Reproduce only the lines below from the line containing "Quick Tip: If" to the line containing "Купить Душевая система", exactly as written, with both end lines kept. Omit the pictures.

▸ **SUPPLIED MATERIAL**
Start of Block
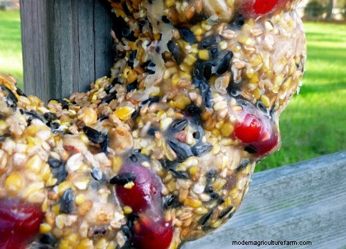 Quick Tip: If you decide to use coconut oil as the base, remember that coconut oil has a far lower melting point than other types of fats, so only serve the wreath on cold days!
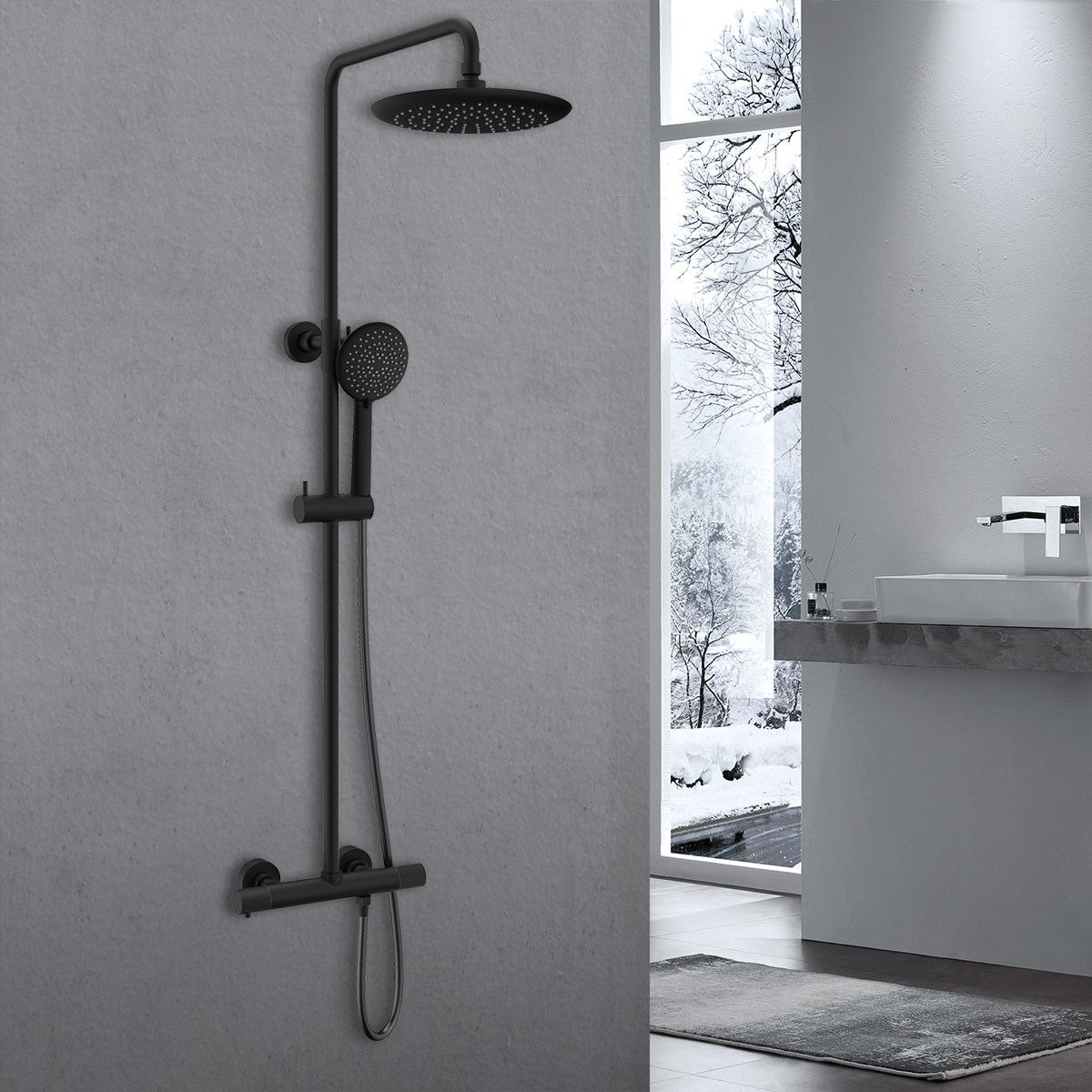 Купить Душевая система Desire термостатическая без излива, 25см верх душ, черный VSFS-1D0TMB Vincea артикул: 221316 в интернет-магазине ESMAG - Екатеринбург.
End of Block
Start of Block
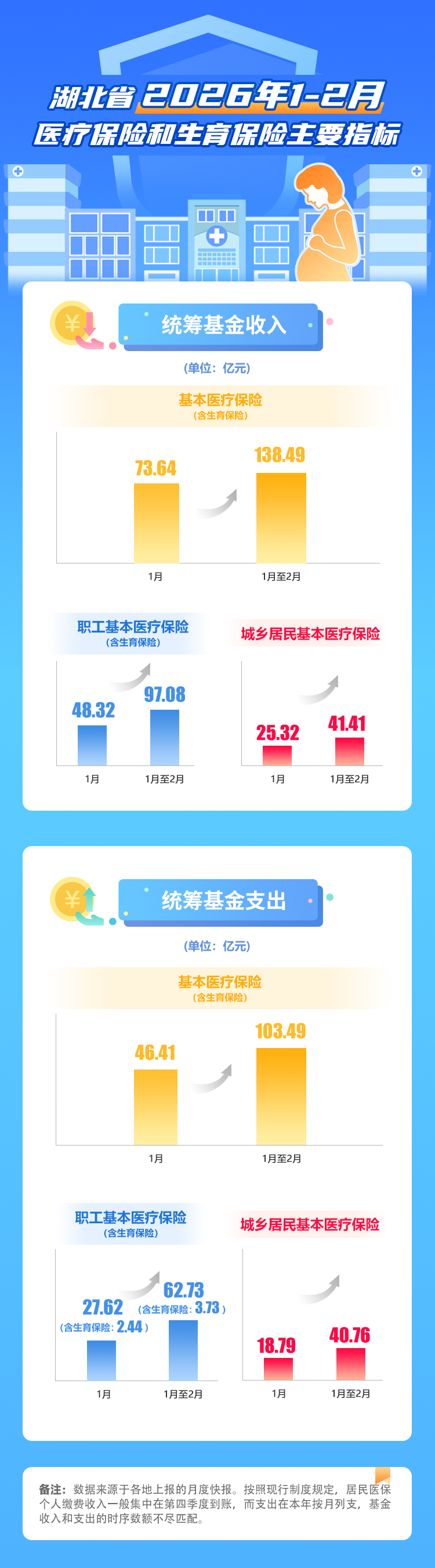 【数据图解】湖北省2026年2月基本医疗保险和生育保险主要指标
End of Block
▸ **RESPONSE**
 Quick Tip: If you decide to use coconut oil as the base, remember that coconut oil has a far lower melting point than other types of fats, so only serve the wreath on cold days!
 Купить Душевая система Desire термостатическая без излива, 25см верх душ, черный VSFS-1D0TMB Vincea артикул: 221316 в интернет-магазине ESMAG - Екатеринбург.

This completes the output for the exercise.